### [What to produce]
Only some lines are wanted. Transcribe, exactly, the lines below from the line with "アップル エアーポッズ プロ" up to and including the line with "- Wodoszczelny Zegarek".

Stored entries
====
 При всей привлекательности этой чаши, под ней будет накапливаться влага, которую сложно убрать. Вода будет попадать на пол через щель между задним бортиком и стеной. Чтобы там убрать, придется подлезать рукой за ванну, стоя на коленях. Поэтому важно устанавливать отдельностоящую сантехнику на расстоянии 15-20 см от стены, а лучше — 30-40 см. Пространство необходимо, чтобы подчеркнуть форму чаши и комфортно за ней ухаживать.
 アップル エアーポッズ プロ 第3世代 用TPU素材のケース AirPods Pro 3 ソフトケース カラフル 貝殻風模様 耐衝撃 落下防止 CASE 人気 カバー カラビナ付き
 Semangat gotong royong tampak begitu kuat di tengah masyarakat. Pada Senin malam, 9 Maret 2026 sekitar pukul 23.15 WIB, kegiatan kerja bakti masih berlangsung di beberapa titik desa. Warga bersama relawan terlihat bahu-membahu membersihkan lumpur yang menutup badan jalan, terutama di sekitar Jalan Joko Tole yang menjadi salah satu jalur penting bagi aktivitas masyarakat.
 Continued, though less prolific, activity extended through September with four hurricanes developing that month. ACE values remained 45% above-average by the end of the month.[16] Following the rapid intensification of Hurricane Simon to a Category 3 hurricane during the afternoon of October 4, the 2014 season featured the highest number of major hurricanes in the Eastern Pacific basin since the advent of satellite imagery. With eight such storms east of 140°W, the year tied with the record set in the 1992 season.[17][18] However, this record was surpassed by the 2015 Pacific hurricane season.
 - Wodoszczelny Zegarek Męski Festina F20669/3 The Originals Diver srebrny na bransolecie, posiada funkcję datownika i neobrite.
====
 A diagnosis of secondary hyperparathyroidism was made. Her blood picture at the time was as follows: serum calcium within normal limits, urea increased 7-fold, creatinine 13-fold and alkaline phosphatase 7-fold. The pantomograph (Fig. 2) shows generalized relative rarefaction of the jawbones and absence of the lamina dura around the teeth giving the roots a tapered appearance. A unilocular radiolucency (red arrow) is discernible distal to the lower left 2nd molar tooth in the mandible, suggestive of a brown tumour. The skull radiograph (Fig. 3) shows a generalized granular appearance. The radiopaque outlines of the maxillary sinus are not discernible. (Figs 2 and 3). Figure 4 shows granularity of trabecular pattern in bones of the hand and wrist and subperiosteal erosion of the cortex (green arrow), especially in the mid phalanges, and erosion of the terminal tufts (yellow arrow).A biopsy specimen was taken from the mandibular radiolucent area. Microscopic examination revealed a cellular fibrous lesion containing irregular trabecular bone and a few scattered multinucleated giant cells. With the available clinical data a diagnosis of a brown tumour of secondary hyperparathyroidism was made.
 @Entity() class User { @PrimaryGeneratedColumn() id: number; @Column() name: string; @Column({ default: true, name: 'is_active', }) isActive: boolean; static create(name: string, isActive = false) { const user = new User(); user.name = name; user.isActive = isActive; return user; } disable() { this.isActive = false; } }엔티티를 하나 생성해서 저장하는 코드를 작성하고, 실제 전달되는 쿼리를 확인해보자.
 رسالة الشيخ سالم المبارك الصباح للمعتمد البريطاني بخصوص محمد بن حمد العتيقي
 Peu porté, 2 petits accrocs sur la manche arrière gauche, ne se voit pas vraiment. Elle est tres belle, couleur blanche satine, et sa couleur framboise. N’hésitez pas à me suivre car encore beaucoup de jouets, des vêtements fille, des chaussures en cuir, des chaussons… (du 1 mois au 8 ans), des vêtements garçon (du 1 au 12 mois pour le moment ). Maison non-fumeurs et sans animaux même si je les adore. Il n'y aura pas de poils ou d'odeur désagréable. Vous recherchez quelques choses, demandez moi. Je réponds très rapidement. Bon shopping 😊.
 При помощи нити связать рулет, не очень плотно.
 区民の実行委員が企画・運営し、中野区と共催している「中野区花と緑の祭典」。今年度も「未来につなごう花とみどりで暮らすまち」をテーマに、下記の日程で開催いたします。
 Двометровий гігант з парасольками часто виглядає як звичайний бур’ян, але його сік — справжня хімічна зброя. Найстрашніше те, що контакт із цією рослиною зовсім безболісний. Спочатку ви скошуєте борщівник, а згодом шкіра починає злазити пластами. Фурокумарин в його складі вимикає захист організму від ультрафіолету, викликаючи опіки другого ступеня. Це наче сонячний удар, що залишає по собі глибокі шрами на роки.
====
### [Task solution]
 アップル エアーポッズ プロ 第3世代 用TPU素材のケース AirPods Pro 3 ソフトケース カラフル 貝殻風模様 耐衝撃 落下防止 CASE 人気 カバー カラビナ付き
 Semangat gotong royong tampak begitu kuat di tengah masyarakat. Pada Senin malam, 9 Maret 2026 sekitar pukul 23.15 WIB, kegiatan kerja bakti masih berlangsung di beberapa titik desa. Warga bersama relawan terlihat bahu-membahu membersihkan lumpur yang menutup badan jalan, terutama di sekitar Jalan Joko Tole yang menjadi salah satu jalur penting bagi aktivitas masyarakat.
 Continued, though less prolific, activity extended through September with four hurricanes developing that month. ACE values remained 45% above-average by the end of the month.[16] Following the rapid intensification of Hurricane Simon to a Category 3 hurricane during the afternoon of October 4, the 2014 season featured the highest number of major hurricanes in the Eastern Pacific basin since the advent of satellite imagery. With eight such storms east of 140°W, the year tied with the record set in the 1992 season.[17][18] However, this record was surpassed by the 2015 Pacific hurricane season.
 - Wodoszczelny Zegarek Męski Festina F20669/3 The Originals Diver srebrny na bransolecie, posiada funkcję datownika i neobrite.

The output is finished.